I don't have the data. It's just that it's not there. It wasn't. Nothing was logged. There's, I can't synthesize data. I can't just make it appear out of nowhere. If you guys didn't start collecting this. Way before you made the change, then it's totally meaningless, right? Yeah. Or, especially when you wanna see if it changes, changes people's behaviors, and you don't track it before you change it.
What problems do you think the modern data stack has solved? And maybe what problems remain with the modern data stack, and how do we think about fixing those things?
It's, it's definitely been interesting because I feel it was maybe only six months ago or something when somebody, all of a sudden, is the modern data stack. And then now, every single conversation is the modern data stack, the modern data stack. And I had a moment a while back where I was, what is the modern data stack? This is what I do.
This is my job, but what are they talking about? Somebody just came up with this, this buzzword. Yeah. Oh exactly. I'm, wow, this is embarrassing. But no, I think, I think there are some huge problems that the modern, modern data stack is solving. And I don't think it's dead, but also maybe don't quote me on that cuz, maybe it is, I don't know.
But, one of the things that we talk a lot about in data is that the personnel is just the hardest part. Right. All of these technical challenges are difficult. The organizational challenges are difficult, but none of those are insurmountable. What is, is not being able to find enough people, right.
And not being able to find the right te people from your organization. And, probably anybody listening to this is aware of [00:27:00] how crazy hard it is to hire the right people for your data team. And so I think that that's one of the big problems that the modern data stack is solving is that.
There are just, frankly, not enough data engineers. There are not enough data scientists. There are not enough data analysts. There are not enough people who wanna do data modeling, right? There's this huge need to make the people that we have way more efficient and also to offload the less interesting work, right?
The repetitive stuff, the stuff that's just not a huge value add. And that's what we see in the modern data stack. Right. For example, Fivetran basically replaces a few data engineers, which is great because we can't hire them. We want to, but we can't hire them. And it takes so much time to interview candidates and, and then they start, and you start the search, they start in eight months.

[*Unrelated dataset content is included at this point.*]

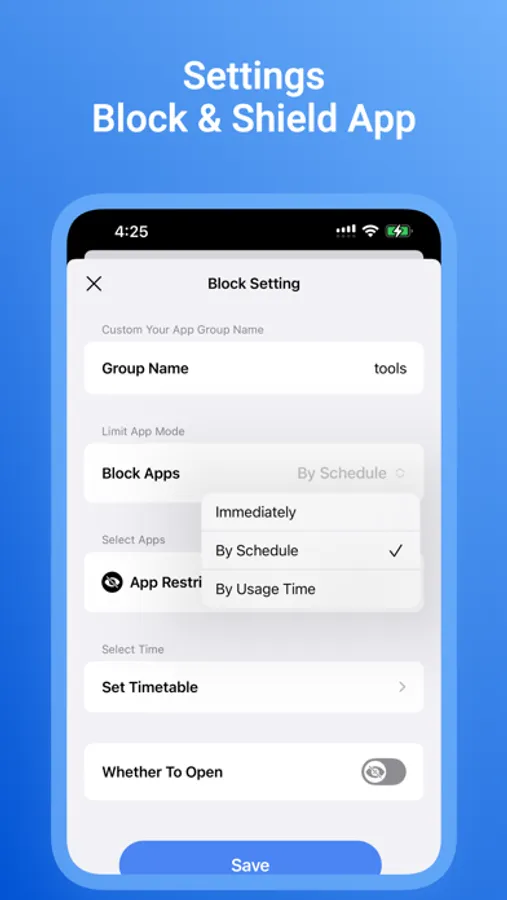 -Shield mode: It can add an application lock to your app to protect your privacy while improving your focus and improving your sleep quality. Set when your child plays games for real control.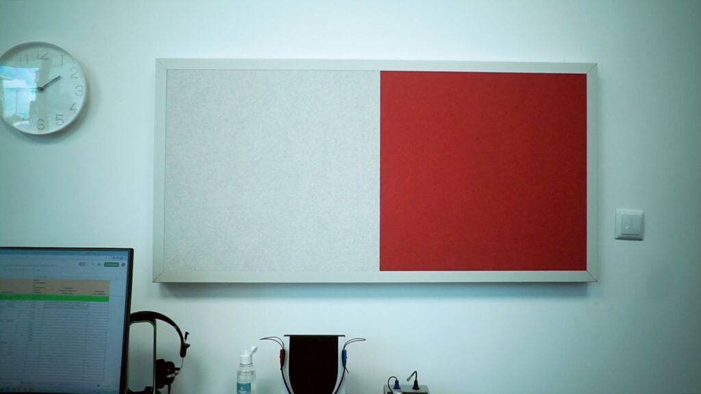 Серията акустични панели с видима метална рамка съчетава естетика, функционалност и екологична отговорност. Основата на нашите акустични панели включва полиестерна вата, акустичен плат и дървена рамка, които не само гарантират изключителна звуковаизолация и акустика, но и са напълно екологични.

Great. You have one that's gonna start in eight months, and then you need to, but you need to hire [00:28:00] six, right? So I think that's where you see so much value in Fivetran. You plug it in, and it takes five or 10 minutes to add any new data source. It just works.
So, yeah, I think a lot of it is, is really just being able to do as much as humanly possible with knowing that you just don't have enough people. And that's just what it is.
What are the biggest problems you think the modern data stack hasn't solved or maybe has created for companies?
So this is one thing I'm highly critical of is, every time we're doing [00:29:00] things in a user interface, instead of doing things in code, we're making it very hard to migrate away. And so, We have that. We, we save that time that it would we would need in order to hire an entire team in order to do all of these things.
But if we decide tomorrow that we wanna move to a different tool, we basically have to start from scratch. Right. You can't, there, there may be some ways that you can kind of, go look at your logs and extract some things using APIs and kind of parse it and kind of be really smart about it.
But yeah, that's, I mean, that's one reason I'm not a huge proponent of things Tableau prep. For example, I think we should have as many things as code as possible. Everything is code. Configuration is code. Infrastructure is code, security is code, and everything is code. And now we're kind of getting away from that, with those no code, low code solutions.